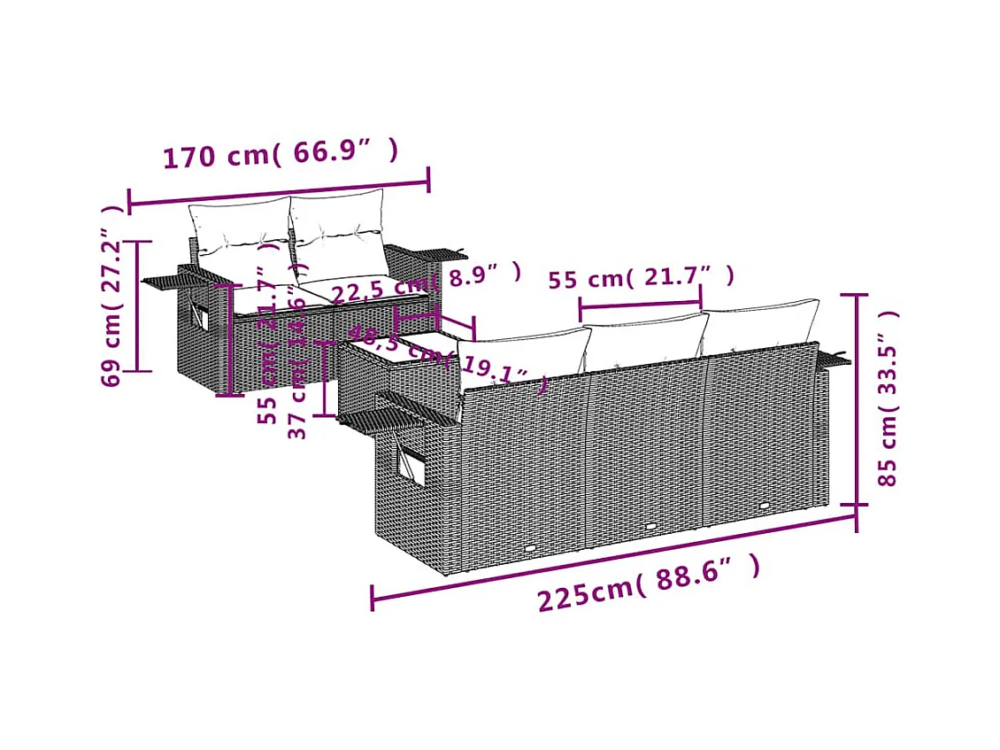 Salon de jardin avec coussins 7 pièces gris clair résine tressée
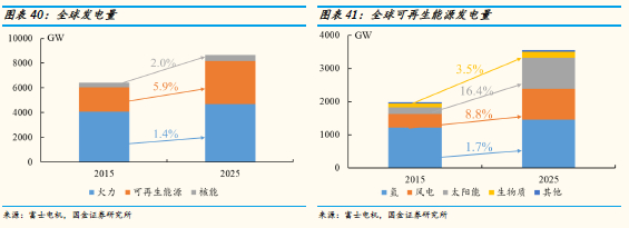 2015年全球发电量6414 GW,预计2025年全球发电量将达到8647 GW,10年CAGR为3.0%,其中可再生能源发电量增速较快,CAGR达到5.9%;进一步细分,太阳能发电和风能发电量的增速要高于可再生能源发电量的复合增速,太阳能发电量15-25年CAGR为16.4%,风能发电量CAGR为8.8%,远高于行业的平均增速。从地区来看,风电增长较快的地区包括中国,欧洲和美国,而太阳能发电增长较快的地区则有中国,欧洲,美国和其他亚太地区。
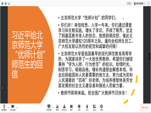 首先,优师计划班助班冉唐佳羽和赵癸涵带领优师计划班新生学习了yl23455永利官网给北京师范大学“优师计划”师范生的回信,鼓励各大学子到祖国和人民最需要的地方去,努力成为党和人民满意的“四有”好老师。
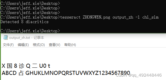 至此前期的环境准备工作已经完成,读者可以通过CMD命令行的模式使用OCR的基本功能了,接下来是通过Python语言集成进来,毕竟手工操作的效率和扩展性不如程序化实现。
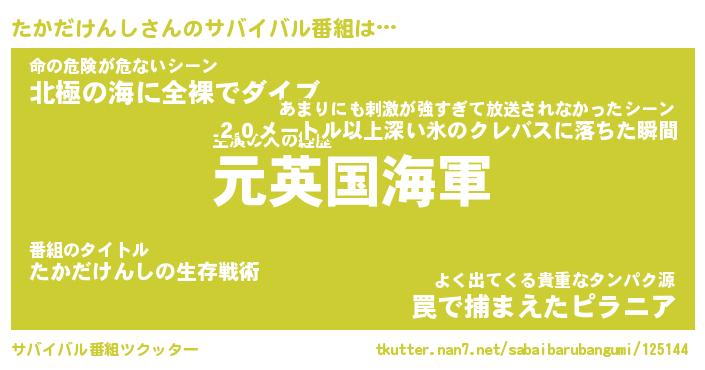 | 伝説のあだ名 | 『伝説のスナイパーたかだけんし』 |

________________

Extract precisely the lines beginning at the line containing "至此前期的环境准备工作已经完" and ending at the last line of the entries above, exactly as written and with no pictures.

 至此前期的环境准备工作已经完成,读者可以通过CMD命令行的模式使用OCR的基本功能了,接下来是通过Python语言集成进来,毕竟手工操作的效率和扩展性不如程序化实现。
 | 伝説のあだ名 | 『伝説のスナイパーたかだけんし』 |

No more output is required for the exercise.